Dutch boiler-maker BDR Thermea today launched what it said was a world-first pilot using hydrogen boilers in 12 heritage homes in the eastern Dutch town of Lochem.
The detached listed houses, all built around 1900, will each be equipped with one of the boilers, which burn hydrogen with zero carbon emissions. The hydrogen will be fed into the existing gas grid at a nearby industrial zone.
Over the three-year pilot, BDR Thermea and grid operator Alliander will test the boilers during wintertime demand peaks.
The houses were chosen as examples of older housing stock that have restrictions on changes to their fabric because of their heritage status.
“Heating of buildings and water contributes significantly to energy use and CO2 emissions: space heating accounts for 63.6% and water heating 14.8% of EU residential energy use.” said BDR Thermea chief executive Bertrand Schmitt in a press release.

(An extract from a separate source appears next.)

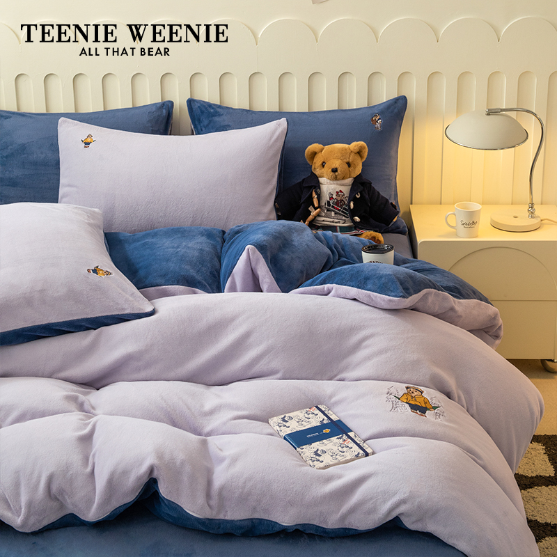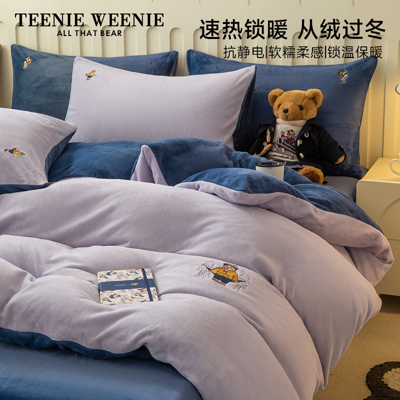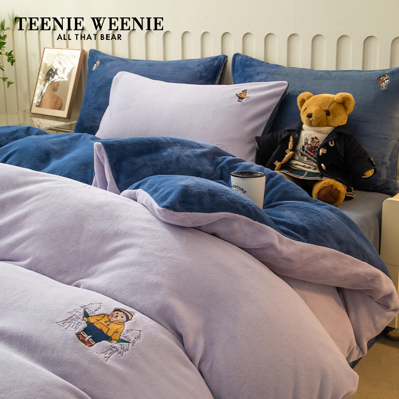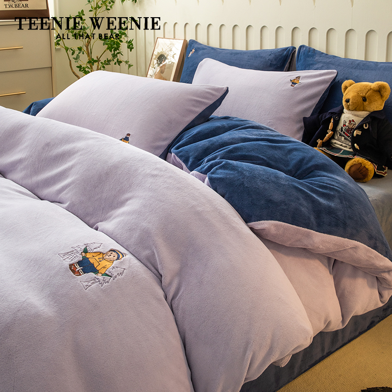 TeenieWeenie Small Bear Embroidery Milk Suede Four Pieces Of Coral Suede Double Face Gushed Quilt Cover Bed Linen Winter-Taobao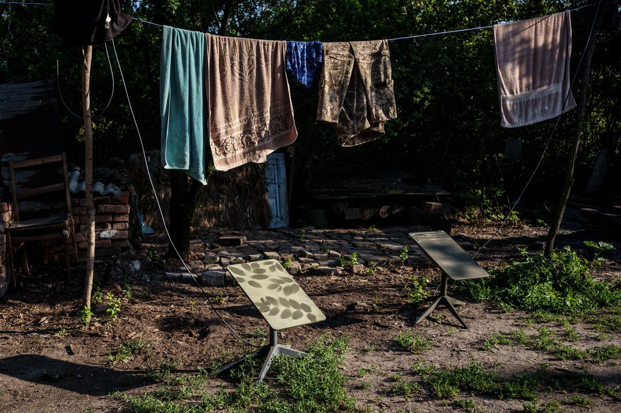 烏克蘭無人機小組成員將洗好的衣物晾曬在農舍旁的天線邊,這裏是指揮中心所在地。

“Decarbonising buildings is therefore an urgent imperative, and hydrogen is one of the key technologies to do this, alongside heat networks, all-electric heat pumps and hybrid solutions that twin heat pumps with gas boilers.”
In the UK, BDR Thermea subsidiary Baxi is supplying boilers for a green hydrogen-to-homes heating network pilot involving 300 homes in Levenmouth, Scotland. Since isolating hydrogen from water is energy intensive, hydrogen is made with renewable energy is designated “green”.
Elsewhere in the UK, two communities are competing for a project to establish the country’s first “hydrogen village” in 2025: Whitby in Ellesmere Port, Cheshire, and areas in Redcar, Teesside.